- _WHAT IS NEEDED_:
With the pictures left out, print exactly the lines below that run from the one containing "铁条的,现在只好把他们关在花" through the one containing "Mr. and Mrs.".

- _TASK INPUT_:
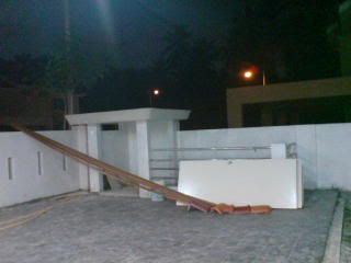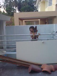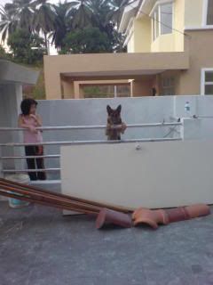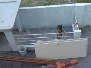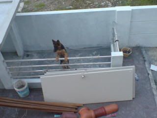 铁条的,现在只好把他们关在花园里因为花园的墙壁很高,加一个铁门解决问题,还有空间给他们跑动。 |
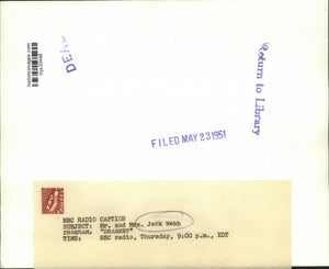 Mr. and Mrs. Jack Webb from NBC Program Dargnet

--

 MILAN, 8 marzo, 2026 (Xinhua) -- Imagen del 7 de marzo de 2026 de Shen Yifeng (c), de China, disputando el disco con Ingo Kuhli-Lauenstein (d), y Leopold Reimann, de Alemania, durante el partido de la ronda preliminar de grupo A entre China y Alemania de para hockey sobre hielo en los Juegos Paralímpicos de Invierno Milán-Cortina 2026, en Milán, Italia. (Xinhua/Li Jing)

- _SOLUTION TO THIS EXERCISE_:
 铁条的,现在只好把他们关在花园里因为花园的墙壁很高,加一个铁门解决问题,还有空间给他们跑动。 |
 Mr. and Mrs. Jack Webb from NBC Program Dargnet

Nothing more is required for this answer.